Firstar Eagan Bank, N.A. v. Marquette Bank Minneapolis, N.A.

466 N.W.2d 8, 13 U.C.C. Rep. Serv. 2d (West) 1302, 1991 Minn. App. LEXIS 142, 1991 WL 17958
CourtCourt of Appeals of Minnesota
DecidedFebruary 19, 1991
DocketC9-90-2072
StatusPublished
Cited by7 cases

This text of 466 N.W.2d 8 (Firstar Eagan Bank, N.A. v. Marquette Bank Minneapolis, N.A.) is published on Counsel Stack Legal Research, covering Court of Appeals of Minnesota primary law. Counsel Stack provides free access to over 12 million legal documents including statutes, case law, regulations, and constitutions.

Bluebook
Firstar Eagan Bank, N.A. v. Marquette Bank Minneapolis, N.A., 466 N.W.2d 8, 13 U.C.C. Rep. Serv. 2d (West) 1302, 1991 Minn. App. LEXIS 142, 1991 WL 17958 (Mich. Ct. App. 1991).

Opinion

*10 OPINION

PARKER, Judge.

Firstar Eagan Bank sued Marquette Bank Minneapolis for conversion and wrongful dishonor of a check. Both parties brought motions for summary judgment. The trial court granted summary judgment in favor of Marquette and dismissed the complaint. The court held, on the conversion claim, that Firstar’s security interest is subject to Marquette’s right of setoff in the same funds.

On appeal Firstar challenges only the trial court’s conclusion that Marquette’s right of setoff is superior to Firstar’s security interest. We reverse and remand for entry of summary judgment in favor of Firstar and for an order in accordance with this opinion.

FACTS

Sterling Leasing, Inc., leased vehicles to individuals and businesses. Between 1985 and 1989, Firstar lent Sterling money to buy the vehicles. The loans were originally secured by Firstar’s security interest in Sterling’s inventory and equipment, but in April 1988 Firstar expanded its security interest to include Sterling’s rights to payments.

In 1985, Sterling and Marquette signed a lessor operating agreement, the only written contract between Sterling and Marquette covering their overall relationship. It specifically refers to a Dealer Lease Escrow Account (DLEA) in the “Lease Work Sheet Document,” part of the lessor operating agreement. An individual or company leasing a vehicle from Sterling was subject to Marquette’s credit review. If Marquette approved the lessee, Marquette made an advance to Sterling in exchange for Sterling’s assignment of the lease to Marquette. In addition, Marquette was listed as the first secured party on the leased vehicle’s title certificate and Sterling executed a security agreement in favor of the bank.

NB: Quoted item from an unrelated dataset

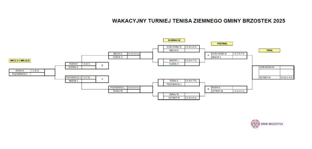 Turniej, mimo zmiennych warunków pogodowych, dostarczył widzom wielu emocji, widowiskowych wymian i sportowych wrażeń. Kolejna edycja zawodów odbędzie się już w odświeżonej formule – w najbliższych miesiącach planowany jest remont kortu, dzięki czemu przyszłoroczna rywalizacja odbędzie się w znacznie lepszych warunkach.

On February 1, 1989, Terry McCleary, assistant vice president of the DLEA corporation and Marquette Bank’s assistant vice president as well, allowed a principal of Sterling to take a number of out-of-state vehicle title certificates from Marquette to allow Sterling to register them in Minnesota and then return them to Marquette.

Sometime prior to February 6, 1989, Sterling presented Firstar with a balance sheet listing as an asset funds in the amount of $96,946 in the DLEA. Relying on these funds as additional security, Firstar lent Sterling $160,000 on February 6, 1989.

On February 16, 1989, Firstar informed McCleary that Firstar possessed certain vehicle titles which secured Sterling’s debt to Firstar. When McCleary saw the list of vehicles to which Firstar had title, McCleary discovered they were the same titles he had allowed Sterling’s principal to take from Marquette and concluded that Sterling’s principal had obtained them under false pretenses, which constituted a default under the operating agreement.

On March 2, 1989, Sterling announced the company was out of business but would cooperate with the banks to assemble the vehicles and other collateral. On the same day, Firstar notified Sterling it was accelerating its notes and demanded payment of the entire balance of $467,929.60.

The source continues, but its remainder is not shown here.